ABSTRACT
Background The nucleus accumbens (NAc) controls multiple facets of impulsivity, but is a heterogeneous brain region with diverse microcircuitry. Prior literature links impulsive behavior in rodents to gamma aminobutyric acid (GABA) signaling in the NAc. Here, we studied the regulation of impulsive behavior by fast-spiking interneurons (FSIs), a strong source of GABAergic synaptic inhibition in the NAc.
Methods Male and female transgenic mice expressing Cre recombinase in FSIs allowed us identify these sparsely distributed cells in the NAc. We used the 5-choice serial reaction time (5-CSRT) task to measure both impulsive action and sustained attention. During the 5-CSRT task, we monitored FSI activity with fiber photometry calcium imaging, and manipulated FSI activity with chemogenetics. We used electrophysiology, optogenetics, and fluorescent in situ hybridization to confirm these methods were robust and specific to FSIs.

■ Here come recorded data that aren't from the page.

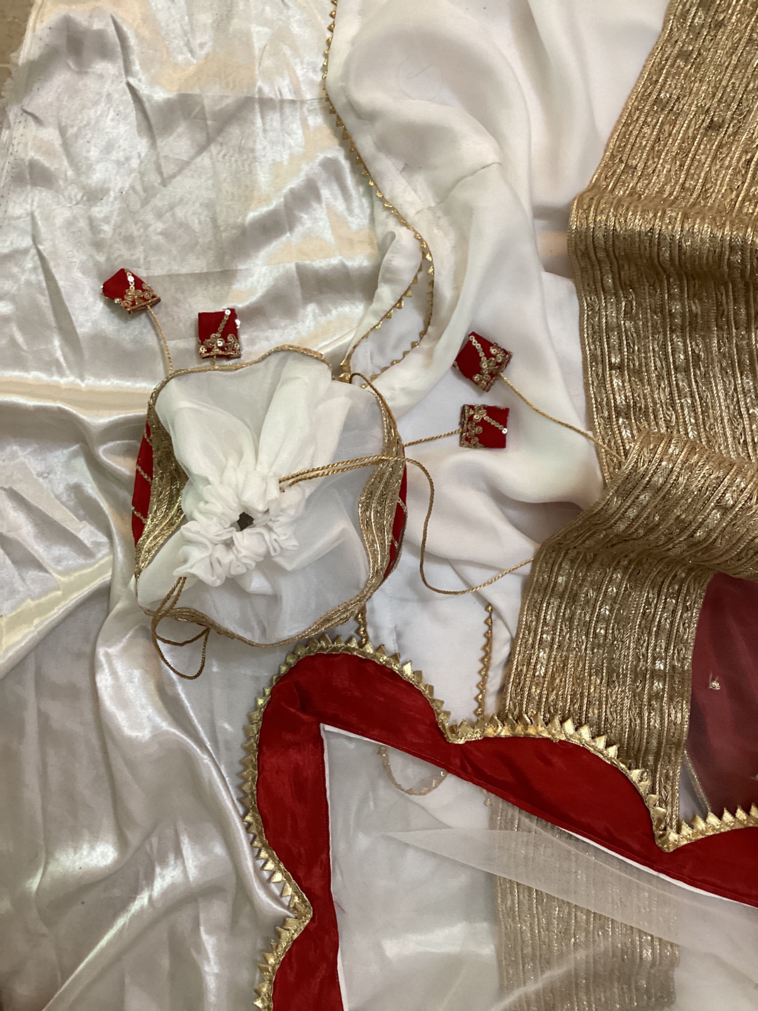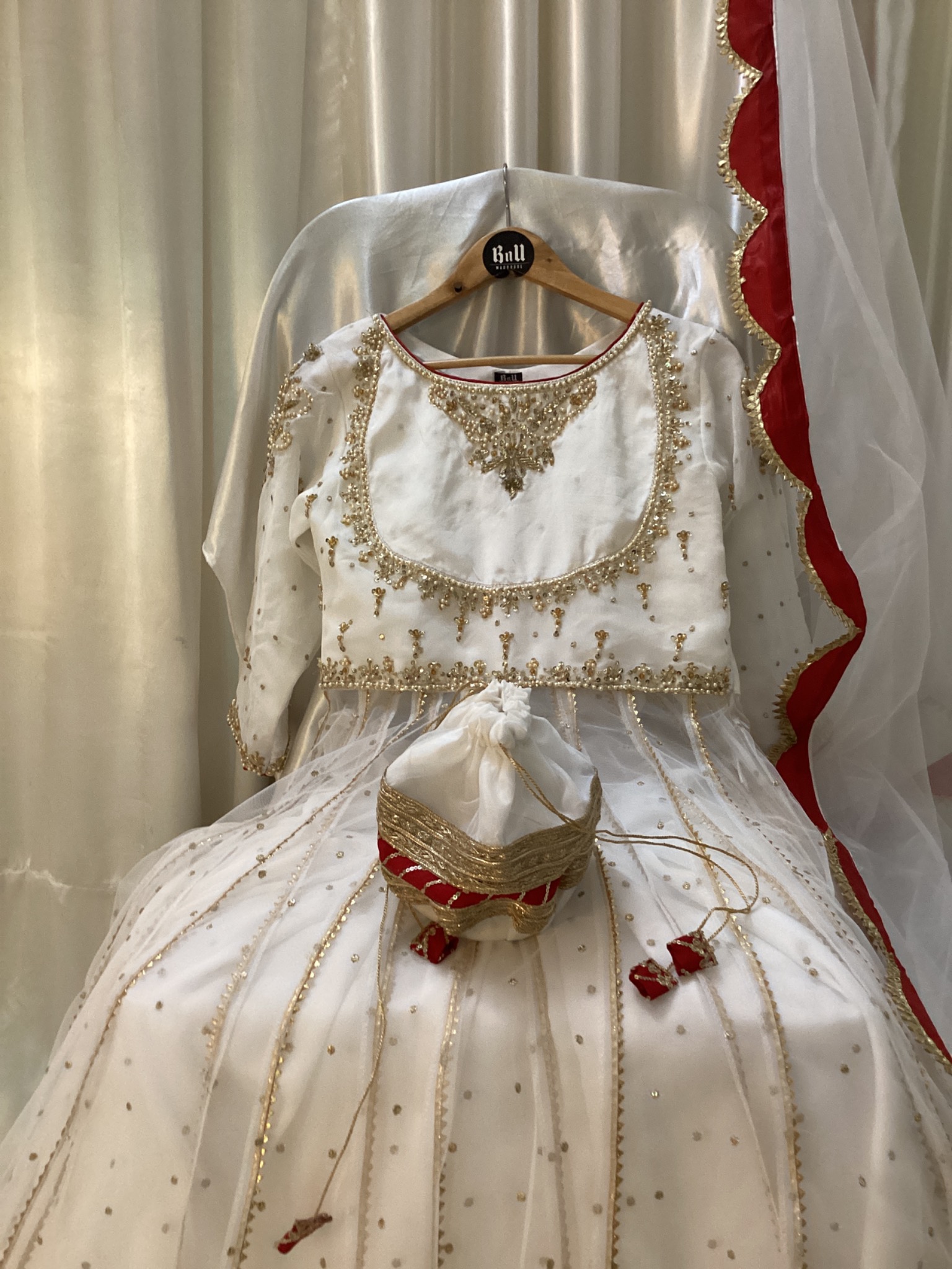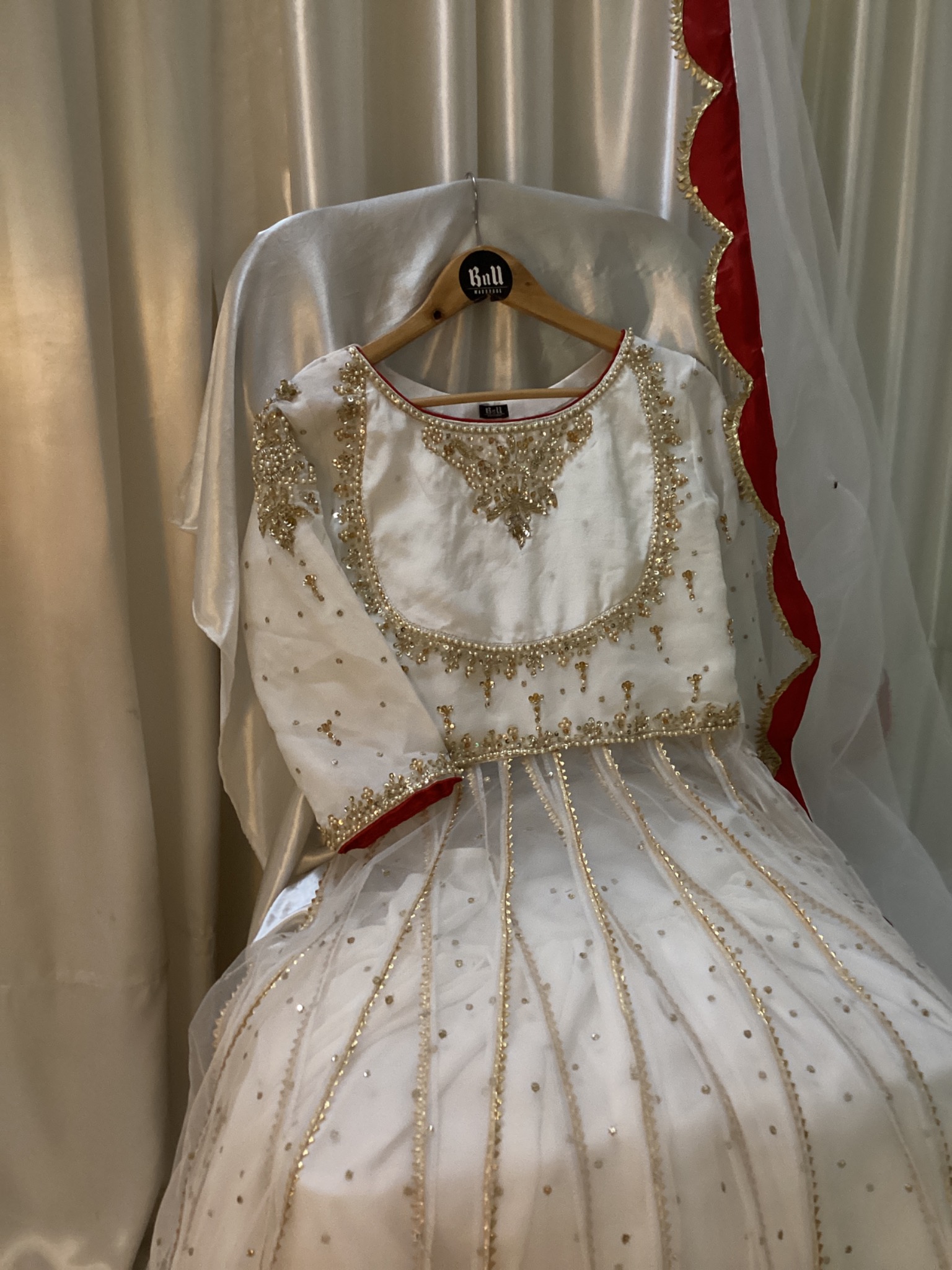 It's a double layer article, with net embellished maxi with shamoos silk frock as a lining with 300-350 inches flare with hand embellishment on yoke and sleeves and Net dupata with cutwork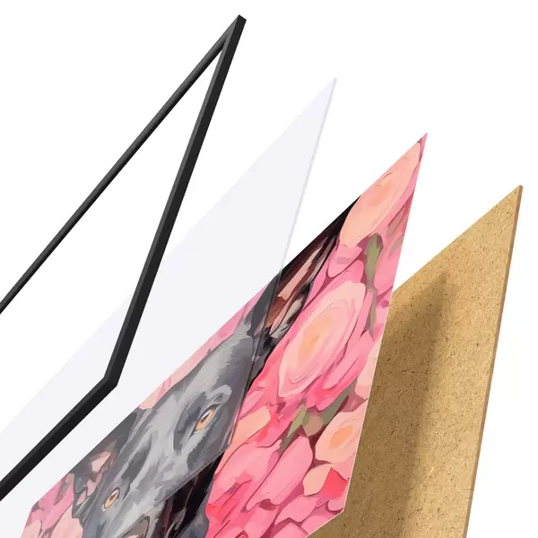 Plakát se skládá z rámu, plexiskla, tištěného obrazu a dřevotřískového podkladu. Díky úchytům na zadní straně lze plakát ihned zavěsit na zeď.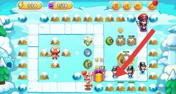 1、在冰雪关卡,操控角色(如红色小角色)移动,靠近礼物盒获取道具,同时布置防御(箭头指向敌人方向)。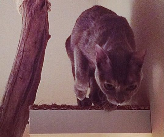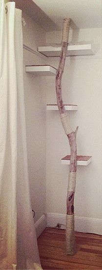 Da qui l'idea di creargli anche una sorta di palo su cui arrampicarsi e che allo stesso tempo sostenga anche le mensole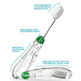 REUSABLE & REPLACEABLE - Get the ultimate eco conscious usability. Perfect for any trip with a reusable handle and a replaceable head. No need for an additional travel case! 2 count Replacement Heads available online in Super Soft Floss, Soft and Medium.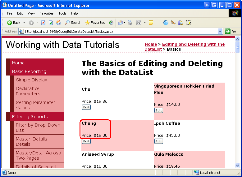 After updating Web.sitemap, take a moment to view the tutorials website through a browser. The menu on the left now includes items for the DataList editing and deleting tutorials.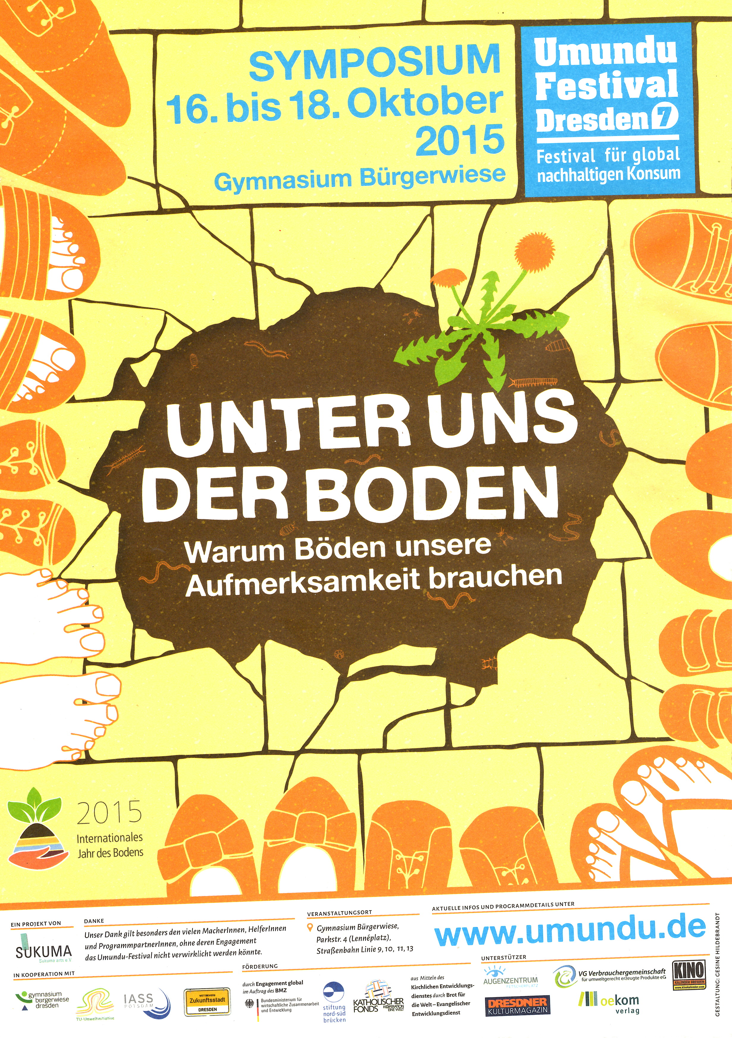 Plakat vom Umundu-Festival in Dresden 2015 "Unter uns der Boden"

Results In mice performing the 5-CSRT task, NAc FSIs showed sustained activity on trials ending with correct responses. In contrast, FSI activity declined over time on trials ending with premature responses, as well as trials in which responses were omitted. Chemogenetic inhibition of NAc FSIs did not change response latencies or general locomotor activity, but significantly increased the number of premature responses, while the number of omission trials either remained constant or decreased.
Conclusions These experiments provide strong evidence that NAc FSIs constrain impulsive actions, most likely by GABA-mediated synaptic inhibition of medium spiny neuron output. Our findings may provide insight into the pathophysiology of impulse control disorders, and inform the development of circuit-based therapeutic interventions.